How to complete this task.
Please produce a character-exact copy of the listing that follows, omitting all images.

Information supplied.

##############################

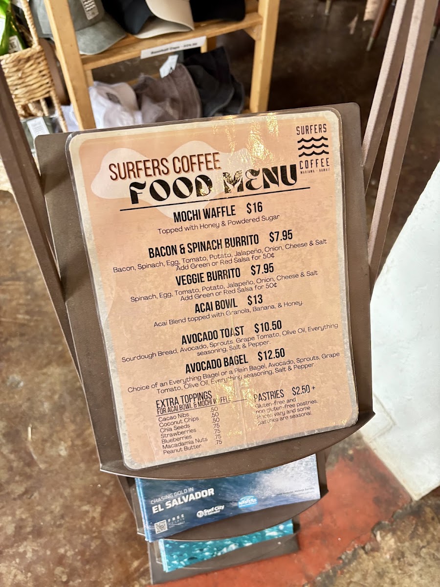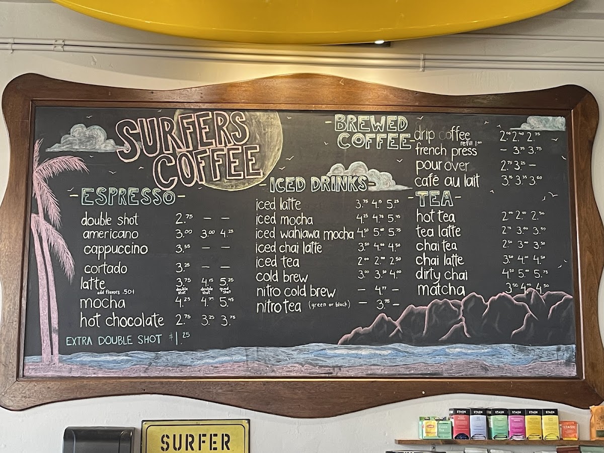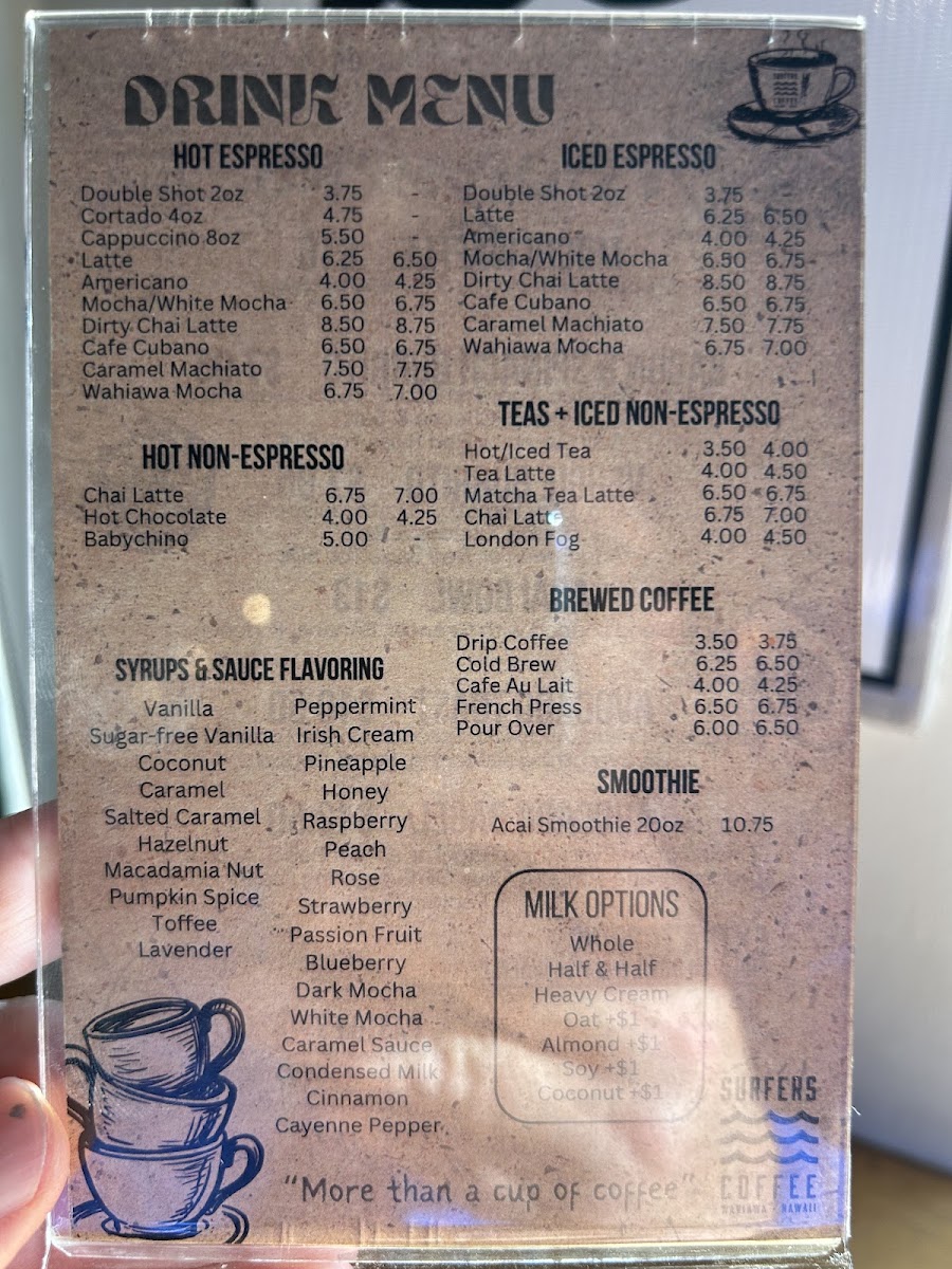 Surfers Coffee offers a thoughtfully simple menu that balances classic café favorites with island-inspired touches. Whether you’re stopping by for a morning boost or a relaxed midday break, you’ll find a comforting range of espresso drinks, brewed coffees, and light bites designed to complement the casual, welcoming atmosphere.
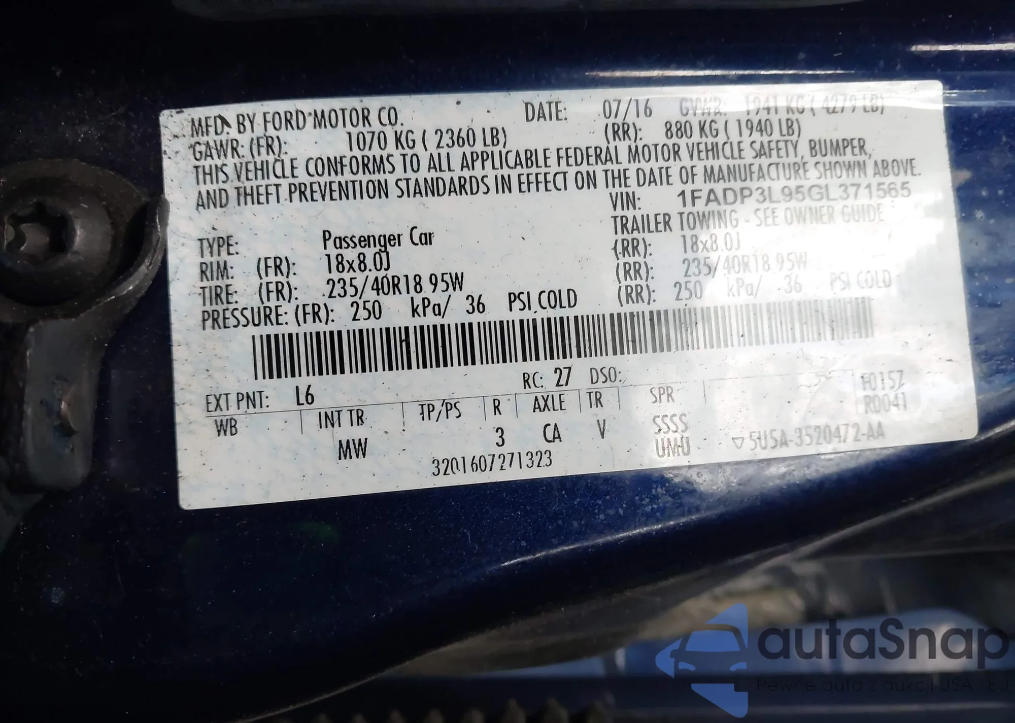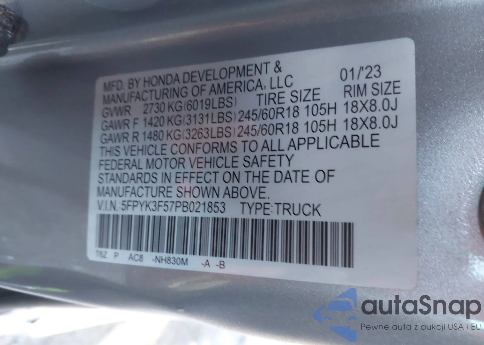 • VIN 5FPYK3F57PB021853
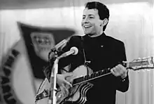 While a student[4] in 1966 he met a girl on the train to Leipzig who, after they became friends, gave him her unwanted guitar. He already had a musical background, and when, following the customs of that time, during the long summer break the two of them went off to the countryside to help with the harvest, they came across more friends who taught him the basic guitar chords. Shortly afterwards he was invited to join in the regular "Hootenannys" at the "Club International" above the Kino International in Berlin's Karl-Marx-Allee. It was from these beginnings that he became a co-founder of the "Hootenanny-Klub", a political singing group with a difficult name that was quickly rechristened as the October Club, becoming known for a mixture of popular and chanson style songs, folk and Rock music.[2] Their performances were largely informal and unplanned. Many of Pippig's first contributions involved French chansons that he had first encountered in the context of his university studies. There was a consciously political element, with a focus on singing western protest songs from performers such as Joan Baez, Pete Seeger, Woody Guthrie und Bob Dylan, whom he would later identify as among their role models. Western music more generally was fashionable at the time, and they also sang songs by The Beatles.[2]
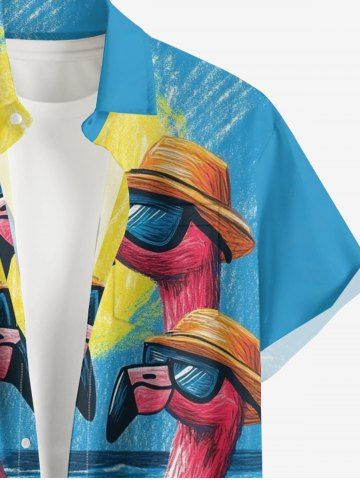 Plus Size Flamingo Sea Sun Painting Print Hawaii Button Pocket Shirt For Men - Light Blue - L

##############################

Result for this exercise.
 Surfers Coffee offers a thoughtfully simple menu that balances classic café favorites with island-inspired touches. Whether you’re stopping by for a morning boost or a relaxed midday break, you’ll find a comforting range of espresso drinks, brewed coffees, and light bites designed to complement the casual, welcoming atmosphere.
 • VIN 5FPYK3F57PB021853
 While a student[4] in 1966 he met a girl on the train to Leipzig who, after they became friends, gave him her unwanted guitar. He already had a musical background, and when, following the customs of that time, during the long summer break the two of them went off to the countryside to help with the harvest, they came across more friends who taught him the basic guitar chords. Shortly afterwards he was invited to join in the regular "Hootenannys" at the "Club International" above the Kino International in Berlin's Karl-Marx-Allee. It was from these beginnings that he became a co-founder of the "Hootenanny-Klub", a political singing group with a difficult name that was quickly rechristened as the October Club, becoming known for a mixture of popular and chanson style songs, folk and Rock music.[2] Their performances were largely informal and unplanned. Many of Pippig's first contributions involved French chansons that he had first encountered in the context of his university studies. There was a consciously political element, with a focus on singing western protest songs from performers such as Joan Baez, Pete Seeger, Woody Guthrie und Bob Dylan, whom he would later identify as among their role models. Western music more generally was fashionable at the time, and they also sang songs by The Beatles.[2]
 Plus Size Flamingo Sea Sun Painting Print Hawaii Button Pocket Shirt For Men - Light Blue - L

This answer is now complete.